2020年第81回応用物理学会秋季学術講演会

講演情報

一般セッション(口頭講演)

12 有機分子・バイオエレクトロニクス » 12.7 医用工学・バイオチップ

[9a-Z12-1~11] 12.7 医用工学・バイオチップ

2020年9月9日(水) 09:00 〜 12:00 Z12

野田 俊彦(豊橋技科大)、田中 徹(東北大)

11:15 〜 11:30

[9a-Z12-9] Adaptive Time Domain Average Stochastic Resonance System for Magnetocardiographic Detection at Room Temperature

Zhiqiang Liao1、Sekino Masaki1、Akihiro Kuwahata1、Hitoshi Tabata1 (1.Univ. of Tokyo)

キーワード:stochastic resonance, MCG detection, heart signal processing

Magnetocardiogram (MCG) is a kind of magnetic field which is generated in the heart by the electrical activity. MCG has great potential to improve the diagnosis of diseases and to clarify the biological functions of heart. At present, the most reliable MCG measuring device is superconducting quantum interference device (SQUID). The SQUID magnetometer has high sensitivity, but it incurs high equipment and operational costs, especially the purchase of liquid helium.
In order to reduce the cost and make the MCG can be measured at room temperature, many different sensors like OPM, TMR sensors, etc. have been researched. But at present, in the signal processing part, the performance of traditional time domain average (TDA) method is still insufficient to meet the clinical needs.
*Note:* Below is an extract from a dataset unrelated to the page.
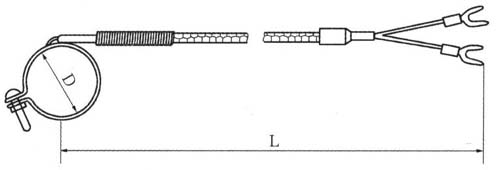 名稱 型號 分度號 測量范圍(℃) 抱箍材質 抱箍直徑D(mm) 導線長度L(mm) 抱箍式熱電偶熱電阻 WRNT-04 K 0~400 1Cr18Ni9Ti Φ50~Φ100 1000~4000或根據用戶要求協議訂貨 WRET-04 E WZPT-04 Pt100

In this study, we focused on improving the overall detection performance of the system from the part of signal processing by stochastic resonance (SR) combining with improved traditional TDA method.
SR refers to a situation where the mere addition of random noise to the dynamics improves a system’s sensitivity to discriminate weak information-carrying signals. Because the stochastic resonance system is a nonlinear system, the adjustment of its parameters is complex. Therefore, in this study, ant lion optimization algorithm is used so that the whole device can adaptively complete the parameter matching and get the appropriate results of MCG.
In this research, we will first improve the traditional TDA method and combine SR and ant lion optimization algorithm as an adaptive MCG detection system which can work at room temperature. Finally, we will use the proposed system to detect the MCG of the rats and verify the effectiveness of the proposed system.